08-27-2015 11:31 AM
We have Spark installed via Cloudera Manager on a YARN cluster. It appears there is a classpath.txt file in /etc/spark/conf that include list of jars that should be available on spark's distributed classpath. And spark-env.sh seems to be the on that's exporting this configuration.
It is my understanding that cloudera manager creates the classpath.txt file. I would like how does cloudera manger evaluate the list of jars that go into this file, and is it something that can be controlled through cloudera manager.
09-01-2015 05:55 AM
For adding custom classes to the classpath you should use one of the two following options:
- add them via the command line options
- add them via the config
For the driver you have the option to use: --driver-class-path /path/to/file
Or for the the executor use
In spark-defaults.conf set the two values (or one if you only need it for one side
This can be done through the CM UI.
Depending on the exact thing you are doing you might see limitations of which option you can use.
09-01-2015 06:44 AM
Thank you for your response Wilfred. It sure helps me. However, my question was more towards understanding how classpath.txt file mentioned below is created? Does CM create this file on all nodes, is it something we can configure through CM?

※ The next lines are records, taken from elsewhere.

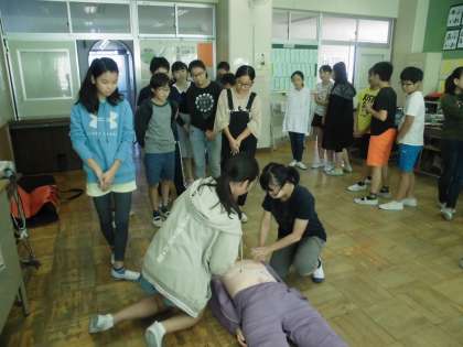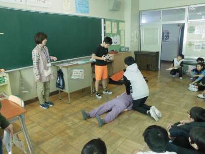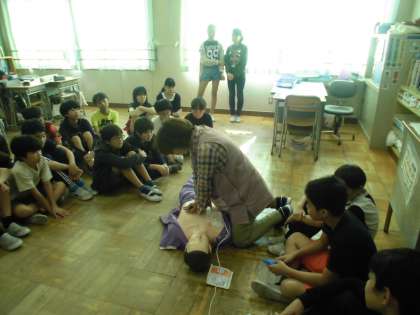 子供たちは初めての体験で緊張していましたが、リズムよく心臓マッサージの体験をしていました。
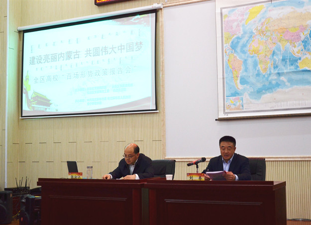 报告以“一带一路---大学生的追梦之路”为主题,邀请乌兰察布市市委常委、副市长张汝江主讲。校党委副书记刘春主持报告会。
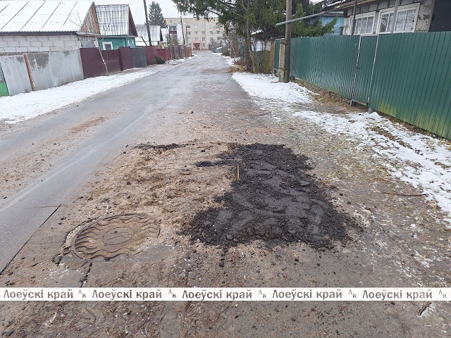 Улица «40 лет БССР» ещё две недели назад приветствовала жителей ограждающими вешками посреди дороги и валяющимися обломками асфальтобетонного покрытия дороги, которые оставили на проезжей части в результате ликвидации порыва специалисты коммунальной службы. Тема бесхозяйственности была поднята на страницах районки. Недавно мусор специалисты лоевского филиала «Речицаводоканал» убрали, провал подсыпали и разровняли насыпь. В итоге ситуацию, угрожающую безопасности прохожих, особенно в тёмное время суток, исправили.
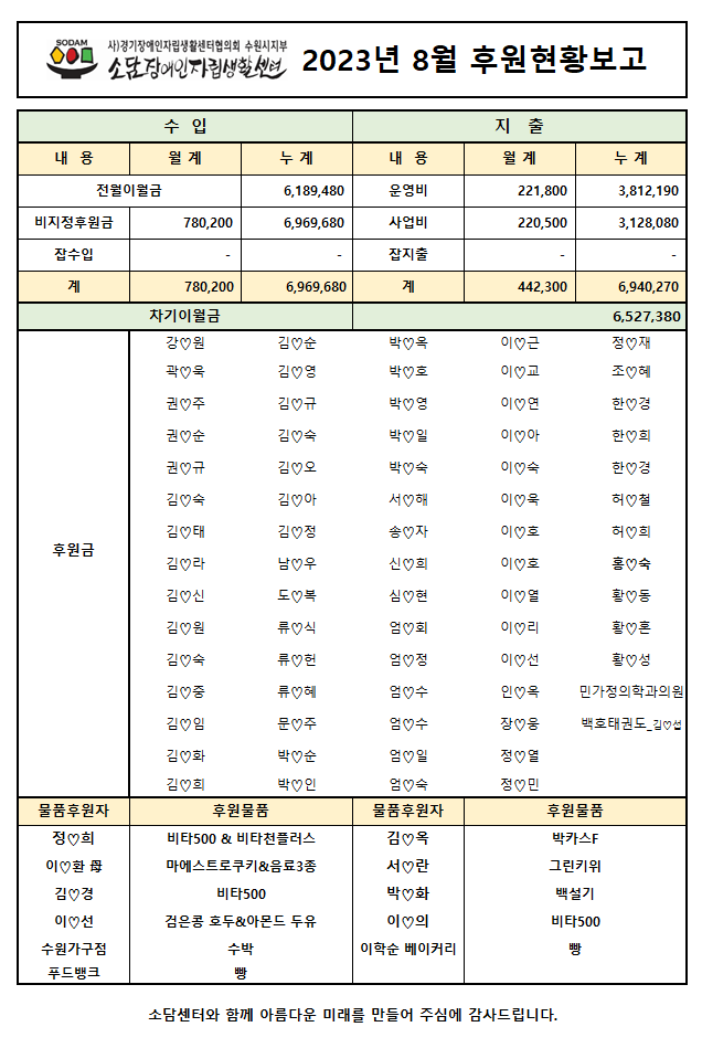 2023년 8월 후원현황보고서 페이지 정보 작성자 소담센터 댓글 0건 조회 359회 작성일 23-10-05 11:21 본문 소중한 후원 감사드립니다. (_ _) 목록 이전글2023년 9월 후원현황보고서 23.10.24 다음글2023년 7월 후원현황보고서 23.08.16 댓글목록 댓글목록 등록된 댓글이 없습니다.

08:42:43 $ ll /etc/spark/conf/
drwxr-xr-x 3 root root 4096 Aug 25 12:28 ./
drwxr-xr-x 3 root root 4096 Aug 25 12:28 ../
-rw-r--r-- 1 root root 29228 Aug 25 12:28 classpath.txt
-rw-r--r-- 1 root root 21 Aug 25 12:28 __cloudera_generation__
-rw-r--r-- 1 root root 550 Aug 25 12:28 log4j.properties
-rw-r--r-- 1 root root 800 Aug 25 12:28 spark-defaults.conf
-rw-r--r-- 1 root root 1122 Aug 25 12:28 spark-env.sh
drwxr-xr-x 2 root root 4096 Aug 25 12:28 yarn-conf/
09-01-2015 07:35 AM
yes CM generates this as part of the gateway (client config). The classpath text file is generated by CM based on the dependencies that are defined in the deployment.
This is not something you can change.
As you can see in the upstream docs we use a form of hadoop free distribution but we still only test this with CDH and the specific dependencies.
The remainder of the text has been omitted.